Langley J M, LeBlanc J C, Wang E E, Law B J, MacDonald N E, Mitchell I, Stephens D, McDonald J, Boucher F D, Dobson S
Department of Pediatrics, Izaak Walton Killam Grace Health Centre and Dalhousie University, Halifax, Nova Scotia, Canada.
Pediatrics. 1997 Dec;100(6):943-6. doi: 10.1542/peds.100.6.943.
To determine nosocomial transmission of respiratory syncytial virus (RSV) in Canadian pediatric hospitals, outcomes associated with nosocomial disease, and infection control practices.
A prospective cohort study in the 1992 to 1994 winter respiratory seasons.
Nine Canadian pediatric university-affiliated hospitals.
Hospitalized children with symptoms of lower respiratory tract infection (at least one of cough, wheezing, dyspnea, tachypnea, and apnea) and RSV antigen identified in a nasopharyngeal aspirate.

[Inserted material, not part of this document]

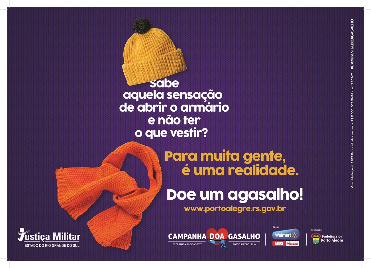 Para isso, a partir dessa terça-feira (29 de maio), a Justiça Militar do Estado adere, como padrinho, a Campanha do Agasalho da Prefeitura Municipal de Porto Alegre, por intermédio da Secretaria Municipal de Desenvolvimento Social e Esporte.
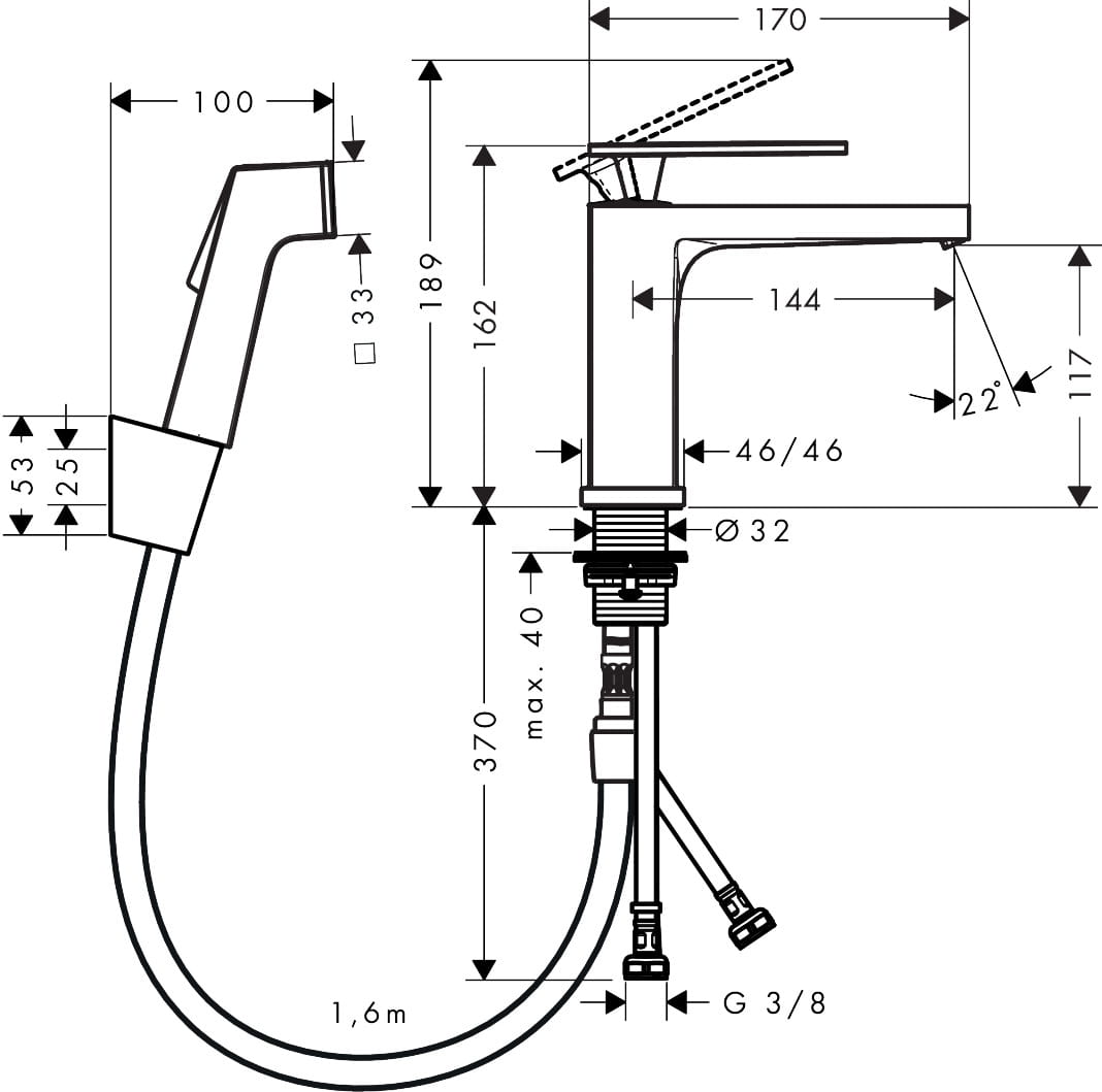 ✅ składa się z: jednouchwytowa bateria umywalkowa, główka prysznicowa Bidette, uchwyt prysznicowy, wąż prysznicowy

Of 1516 children, 91 (6%) had nosocomial RSV (NRSV), defined as symptoms of lower respiratory tract infection and RSV antigen beginning >72 hours after admission. The nosocomial ratio (NRSV/[com-munity-acquired RSV {CARSV})] + NRSV) varied by site from 2.8% to 13%. The median length of stay attributable to RSV for community-acquired illness was 5 days, but 10 days for nosocomial illness. Four children with NRSV (4. 4%) died within 2 weeks of infection, compared with 6 (0.42%) with CARSV (relative risk = 10.4, 95% confidence interval: 3.0, 36.4). All sites isolated RSV-positive patients in single rooms or cohorted them. In a multivariate model, no particular isolation policy was associated with decreased nosocomial ratio, but gowning to enter the room was associated with increased risk of RSV transmission (incidence rate ratio 2.81; confidence interval: 1.65, 4.77).
RSV transmission risk in Canadian pediatric hospitals is generally low. Although use of barrier methods varies, all sites cohort or isolate RSV-positive patients in single rooms. Children with risk factors for severe disease who acquire infection nosocomially have prolonged stays and excess mortality.
确定加拿大儿科医院呼吸道合胞病毒(RSV)的医院内传播情况、医院内感染相关结局以及感染控制措施。
1992年至1994年冬季呼吸道疾病流行季的前瞻性队列研究。
9家加拿大儿科大学附属医院。
因下呼吸道感染症状(咳嗽、喘息、呼吸困难、呼吸急促和呼吸暂停中至少一项)住院且鼻咽抽吸物中检测出RSV抗原的儿童。
1516名儿童中,91名(6%)发生医院内RSV感染(NRSV),定义为入院72小时后出现下呼吸道感染症状且检测出RSV抗原。医院内感染率(NRSV/[社区获得性RSV(CARSV)+NRSV])因医院不同而有所差异,从2.8%至13%不等。社区获得性RSV感染导致的住院时间中位数为5天,但医院内感染导致的住院时间中位数为10天。4名NRSV感染儿童(4.4%)在感染后2周内死亡,而CARSV感染儿童中有6名(0.42%)死亡(相对风险=10.4,95%置信区间:3.0,36.4)。所有医院均将RSV阳性患者隔离在单人病房或进行同室隔离。在多变量模型中,未发现特定的隔离政策与医院内感染率降低相关,但进入病房时穿隔离衣与RSV传播风险增加相关(发病率比2.81;置信区间:1.65,4.77)。
加拿大儿科医院RSV传播风险总体较低。尽管屏障防护措施的使用情况各不相同,但所有医院均将RSV阳性患者进行同室隔离或隔离在单人病房。医院内感染的重症疾病高危因素儿童住院时间延长且死亡率过高。